“Ben bu toprakları terk edip kaçamam. Bu bana yakışmaz.
Osman Batur ölmekten korktu, canını vermekten korktu, kaçıp kendini kurtardı, budununu, yurdunu, kavgasını, ülküsünü terk etti, dedirtmem.
Ben bu topraklarda doğdum. Öleceksem yine burada, bu topraklar için öleceğim. Yaşamak için kaçmak bana yakışmaz. Bana uymaz. İnancıma, imanıma, Türklüğüme ters gelir. Ben bu topraklardan başka yerde zaten yaşayamam. Canım sağ kalsın diye budunumu terk edersem, yurdumu terk edersem, kimsenin yüzüne bakamam. Utanırım. Kahrederim. Ölsem daha iyidir.
Beni siz vurun. Çekin silahınızı öldürün ama bana kaçmaktan söz etmeyin. Baş eğmekten de söz etmeyin. Ben gitmeyeceğim. Biliyorum işimiz çok zor. Biliyorum başarmamız çok zor ama ben savaşmayı, son kurşunumu bile Çinlilere sıkmayı seçeceğim. Kimseyi kalmaya zorlayamam. Kimseye benimle birlikte ölün, diyemem. Kim gitmek isterse gitsin. Kim başka bir yurt tutmak istiyorsa varsın tutsun. Kimseyi ayıplamam. Kimseye küsmem, kızmam. Bu bir seçimdir. Ben kimsenin yerine yaşayacak değilim. Kimse de ben dedim diye ölmesin. Önce Tanrı’dan, sonra kul hakkı geçmesinden korkarım.

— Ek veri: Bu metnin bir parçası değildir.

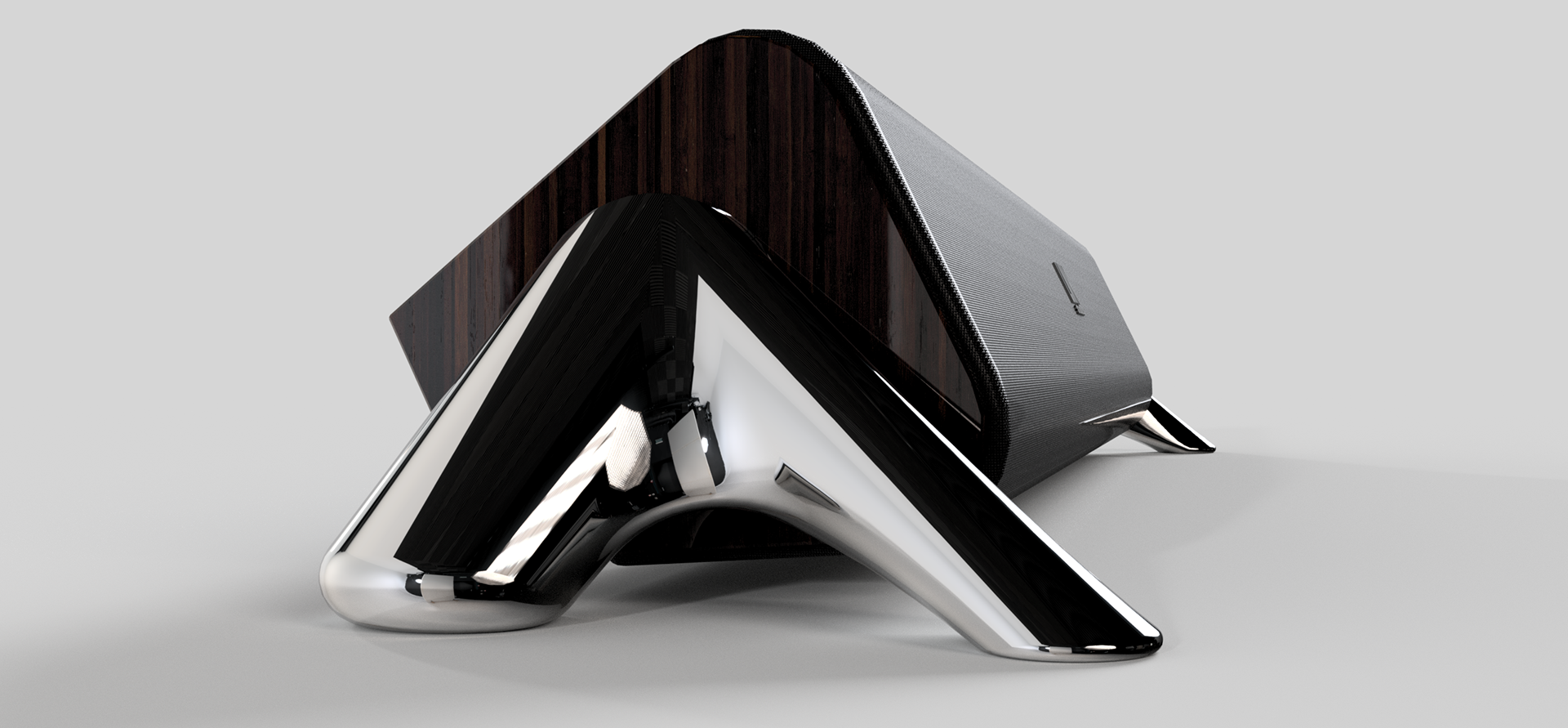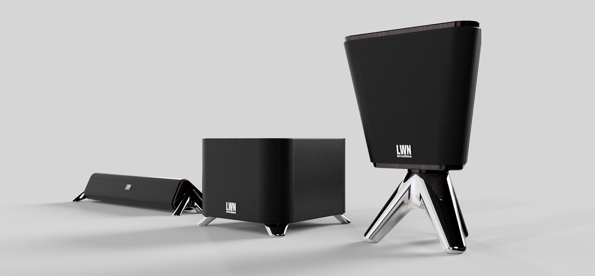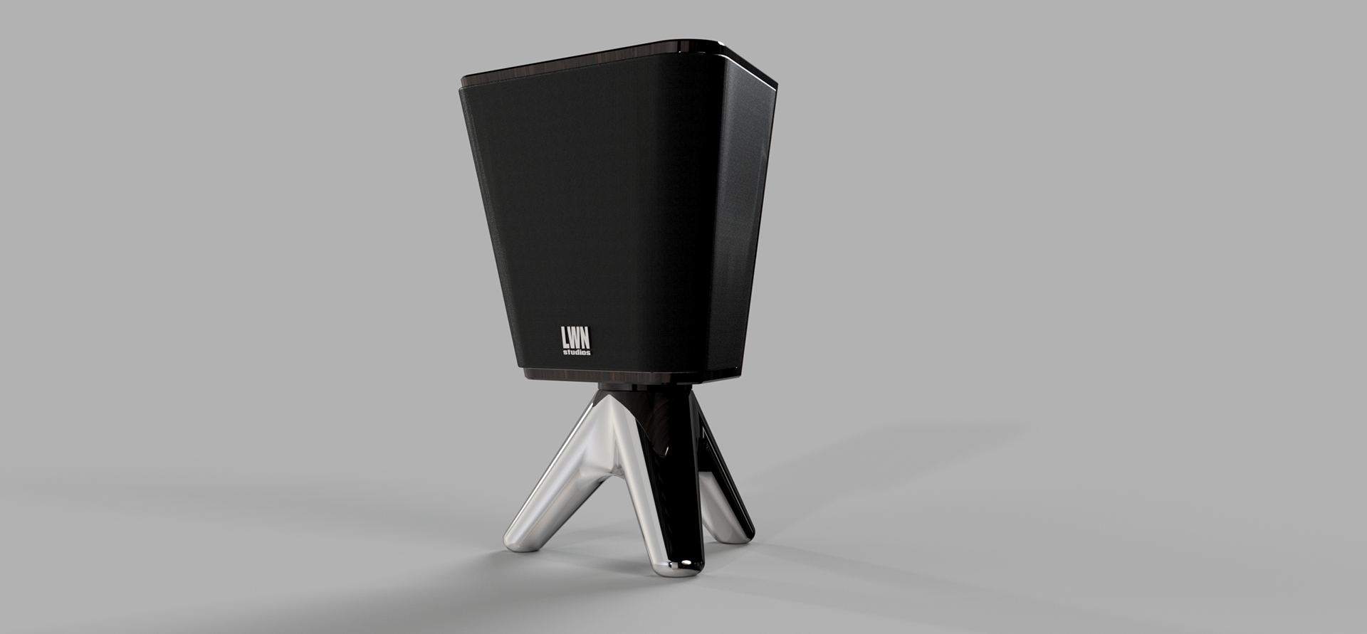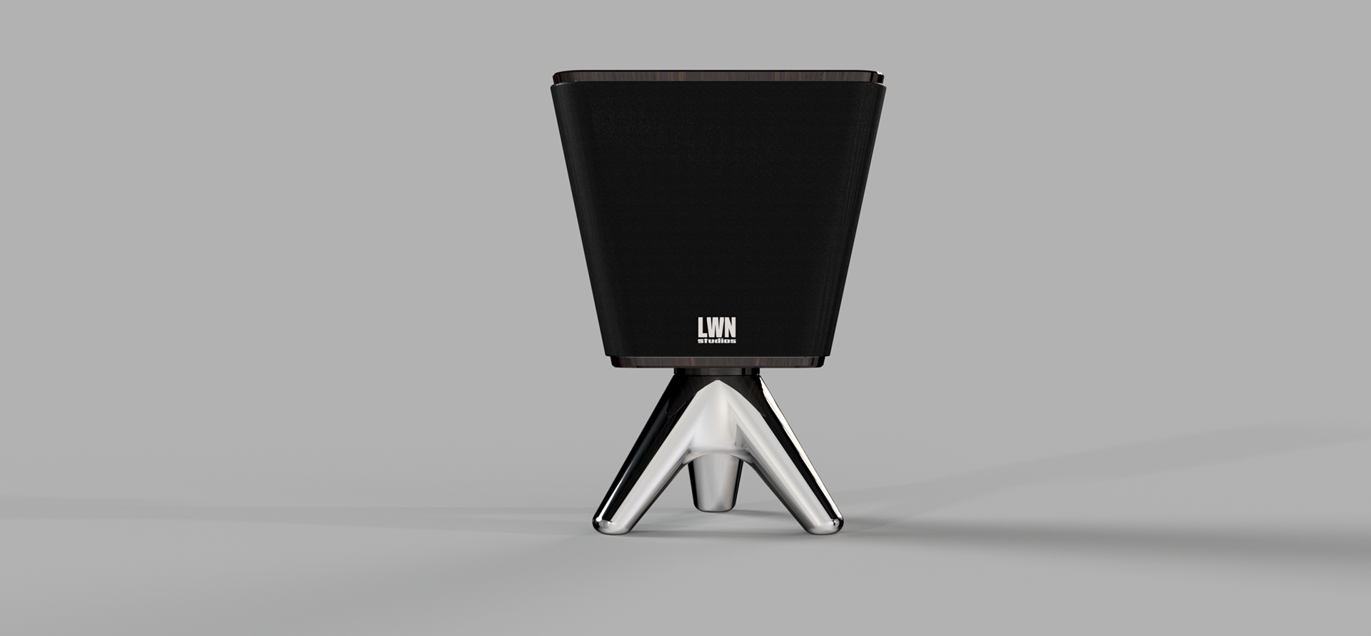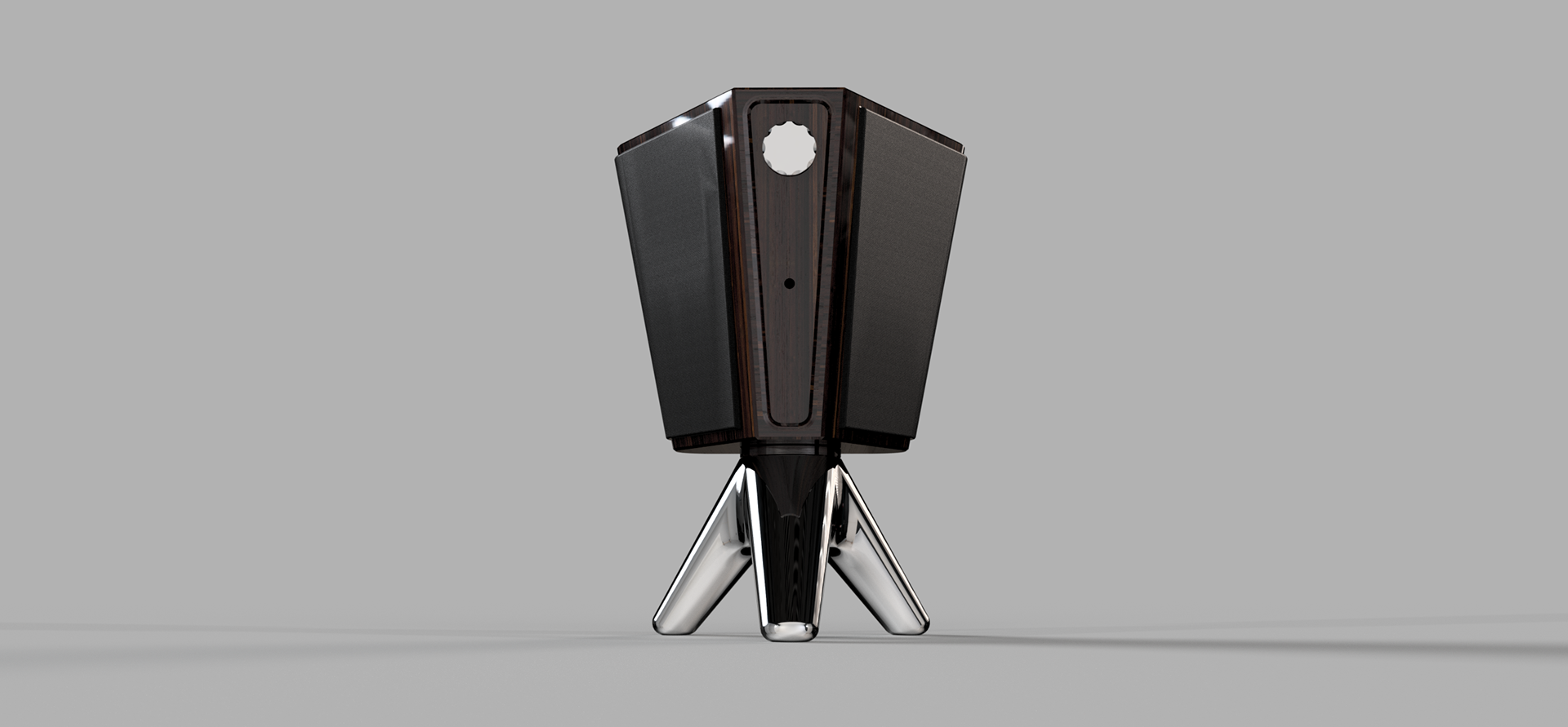 Elevated on a tripod of polished chrome, The Solo is the centerpiece of the collection. This vertical powerhouse uses its unique tapered geometry to project audio with surgical accuracy.

Ben Urumçi’ye de gelemem. Yurt dışına da gidemem. Çocuklarım, oğullarım, kızlarım gitse, hepiniz gitseniz, bir başıma da kalsam, ben gidemem.” Osman Batur…
Destancı, daha güzelleri, daha uluları, daha başkaları yazılsın dilemektedir. Kendi yazdığı en kötü, en eksik, en az olsun, Ulu Osman Batur Han’ı en güzeli ile anlatan daha üstün destanlar yazılsın dilemektedir.